- RECORDS SHOWN -

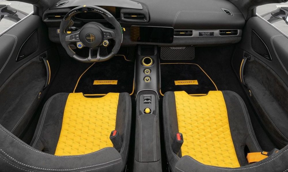 Η Mansory θεωρεί το έμβλημά της πιο πολύτιμο από το γνήσιο της μάρκας του αυτοκινήτου και για αυτό το αντικατάστησε για ακόμα μία φορά, βάζοντας το δικό της σε όλα τα καίρια σημεία. Στο εσωτερικό, η υπογραφή των Γερμανών είναι εμφανής σε πολλές εκφάνσεις, όπως στο κάθισμα, στις ζώνες, στο τιμόνι, στα πατάκια και ούτω καθεξής. Το κοκπιτ είναι δίχρωμο, κυρίως όμως μαύρο με κίτρινες λεπτομέρειες. Η ιταλική σημαία είναι ζωγραφισμένη πάνω στα «αυτάκια» των ταχυτήτων του τιμονιού και κάπου εκεί ολοκληρώνεται το makeover της MC20.
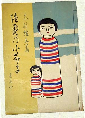 「陸奥の小芥子」は昭和十年三月に弘前の木村弦三著作発行になる七十部限定非売、和紙紙装和綴の褐色インク謄写版刷の私家版である。発行部数が少なく、今では稀覯本の一つで、左は都築祐介氏の所蔵本を写させて戴いた。装幀図版は全て板愈良(いたまさよし)の手になり、表紙は佐藤伊太郎大小二本の版画、扉絵は川越謙作、図版三枚に盛秀太郎、斎藤幸兵衛、山谷多兵衛、川越謙作、小松五平、長谷川辰雄、三上文蔵七名の作者作品が紹介されている。このうち、幸兵衛、多兵衛、謙作、伊太郎、辰雄,文蔵はこの「陸奥の小芥子」で初めて世に知られることになる。
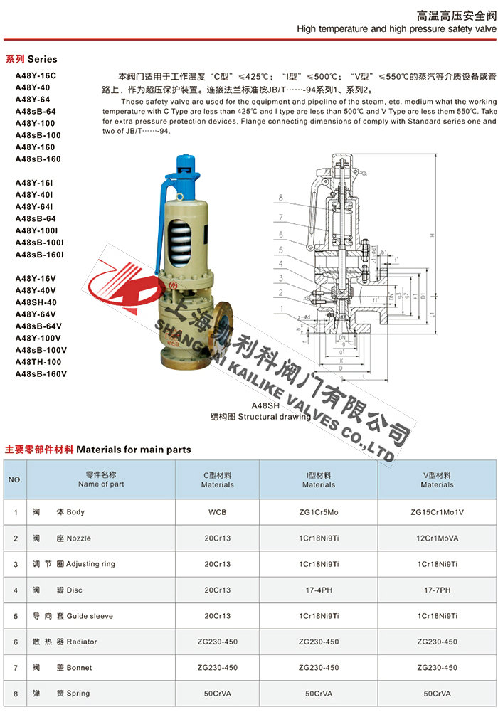 聲明:【A44Y,A48Y高溫高壓蒸汽安全閥】規格型號、結構尺寸由上海凱利科閥門有限公司提供,如何選擇適用的A44Y,A48Y高溫高壓蒸汽安全閥產品,使之在工藝控制中安全可靠、經濟適用,可致電我司銷售部門及技術部門,我們將在最短的時間內為您解答!
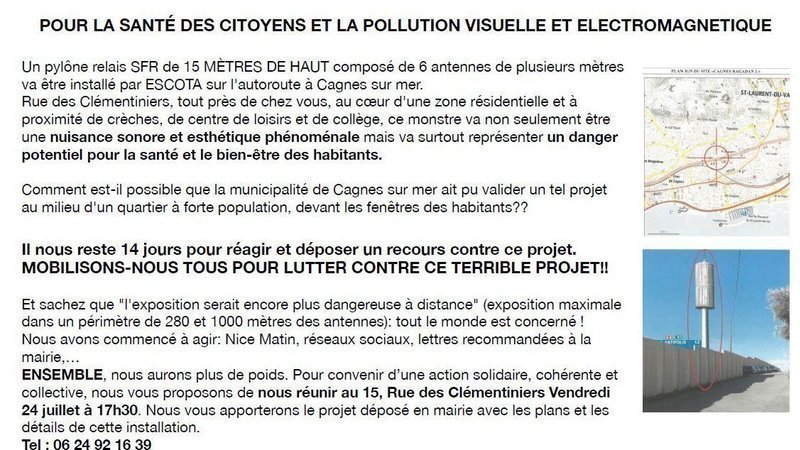 Mise à jour sur la pétitionCagnoises, Cagnois, mobilisons nous et luttons contre le Linky à Cagnes sur MerUne Antenne Relais de 15 mètres pour arroser Cagnes sur Mer
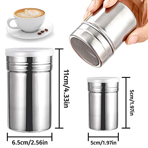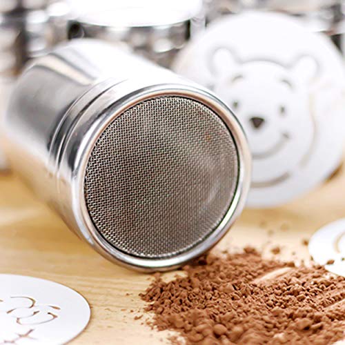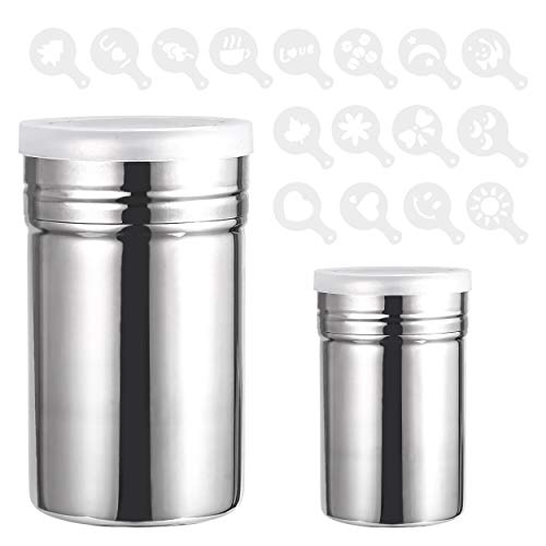 INHEMING Spargi Cacao in Polvere, 2 Pezzi Spargi zucchero a velo in Acciaio Inox con Coperchio,con 16 Stampino Cappuccino

- PROBLEM TO SOLVE -
Repeat the material above word for word; no images go in the copy.

- FINISHED EXERCISE -
 Η Mansory θεωρεί το έμβλημά της πιο πολύτιμο από το γνήσιο της μάρκας του αυτοκινήτου και για αυτό το αντικατάστησε για ακόμα μία φορά, βάζοντας το δικό της σε όλα τα καίρια σημεία. Στο εσωτερικό, η υπογραφή των Γερμανών είναι εμφανής σε πολλές εκφάνσεις, όπως στο κάθισμα, στις ζώνες, στο τιμόνι, στα πατάκια και ούτω καθεξής. Το κοκπιτ είναι δίχρωμο, κυρίως όμως μαύρο με κίτρινες λεπτομέρειες. Η ιταλική σημαία είναι ζωγραφισμένη πάνω στα «αυτάκια» των ταχυτήτων του τιμονιού και κάπου εκεί ολοκληρώνεται το makeover της MC20.
 「陸奥の小芥子」は昭和十年三月に弘前の木村弦三著作発行になる七十部限定非売、和紙紙装和綴の褐色インク謄写版刷の私家版である。発行部数が少なく、今では稀覯本の一つで、左は都築祐介氏の所蔵本を写させて戴いた。装幀図版は全て板愈良(いたまさよし)の手になり、表紙は佐藤伊太郎大小二本の版画、扉絵は川越謙作、図版三枚に盛秀太郎、斎藤幸兵衛、山谷多兵衛、川越謙作、小松五平、長谷川辰雄、三上文蔵七名の作者作品が紹介されている。このうち、幸兵衛、多兵衛、謙作、伊太郎、辰雄,文蔵はこの「陸奥の小芥子」で初めて世に知られることになる。
 聲明:【A44Y,A48Y高溫高壓蒸汽安全閥】規格型號、結構尺寸由上海凱利科閥門有限公司提供,如何選擇適用的A44Y,A48Y高溫高壓蒸汽安全閥產品,使之在工藝控制中安全可靠、經濟適用,可致電我司銷售部門及技術部門,我們將在最短的時間內為您解答!
 Mise à jour sur la pétitionCagnoises, Cagnois, mobilisons nous et luttons contre le Linky à Cagnes sur MerUne Antenne Relais de 15 mètres pour arroser Cagnes sur Mer
 INHEMING Spargi Cacao in Polvere, 2 Pezzi Spargi zucchero a velo in Acciaio Inox con Coperchio,con 16 Stampino Cappuccino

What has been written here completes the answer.